**STORED DATA**

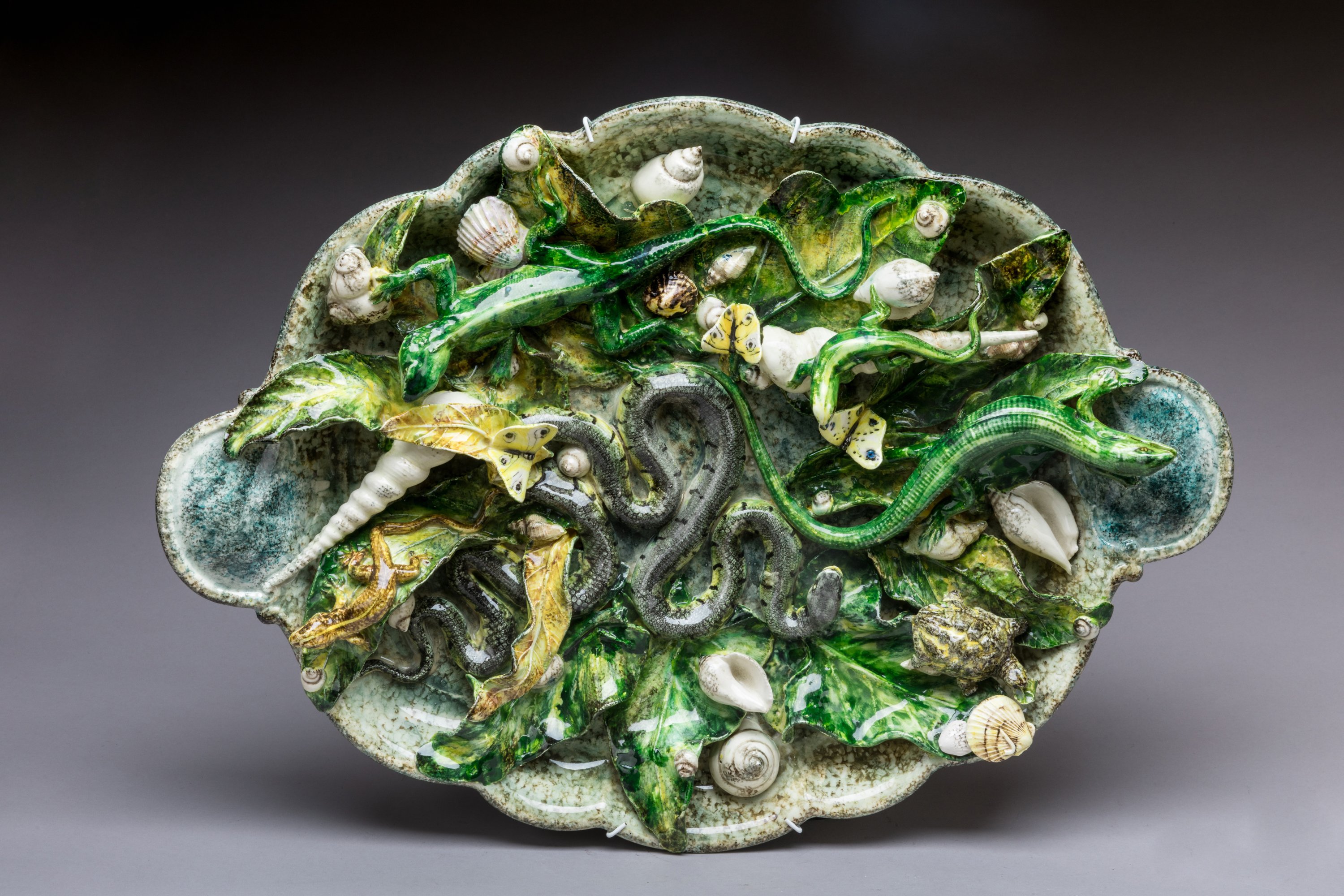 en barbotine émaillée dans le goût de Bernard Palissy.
--
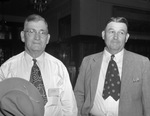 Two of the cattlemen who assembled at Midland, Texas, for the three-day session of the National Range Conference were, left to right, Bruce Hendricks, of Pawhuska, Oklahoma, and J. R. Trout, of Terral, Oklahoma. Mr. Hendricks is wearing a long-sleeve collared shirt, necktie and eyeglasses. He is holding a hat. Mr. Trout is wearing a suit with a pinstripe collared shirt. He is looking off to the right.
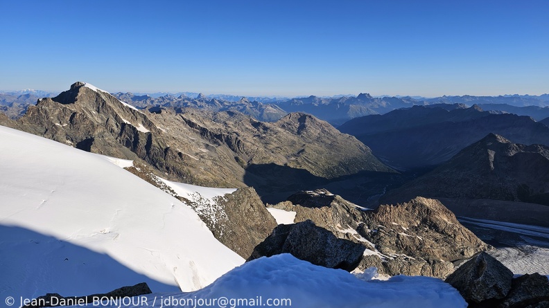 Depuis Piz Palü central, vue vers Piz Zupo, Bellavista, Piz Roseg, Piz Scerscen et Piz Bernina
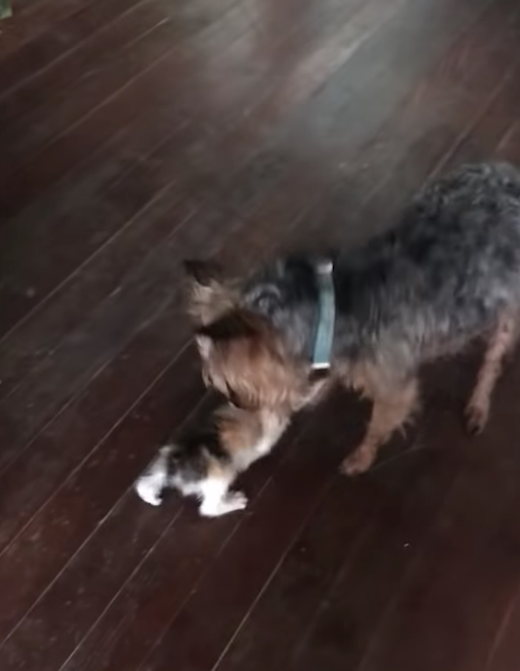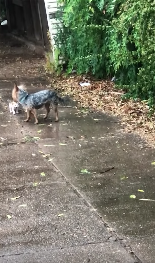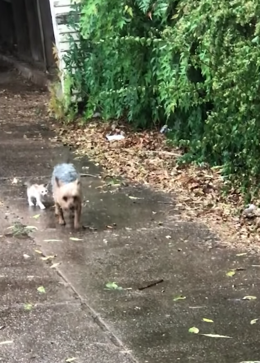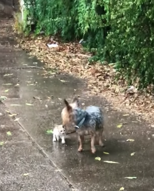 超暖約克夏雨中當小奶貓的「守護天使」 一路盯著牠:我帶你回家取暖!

**WHAT THE TASK REQUIRES**
Using the material above, transcribe exactly the lines from the one holding "Depuis Piz Palü" to the one holding "超暖約克夏雨中當小奶貓的「守護天使」 一路盯著牠:我帶你回家取暖!", both ends kept. Do not carry over any pictures.

**SOLUTION TO THE PROBLEM**
 Depuis Piz Palü central, vue vers Piz Zupo, Bellavista, Piz Roseg, Piz Scerscen et Piz Bernina
 超暖約克夏雨中當小奶貓的「守護天使」 一路盯著牠:我帶你回家取暖!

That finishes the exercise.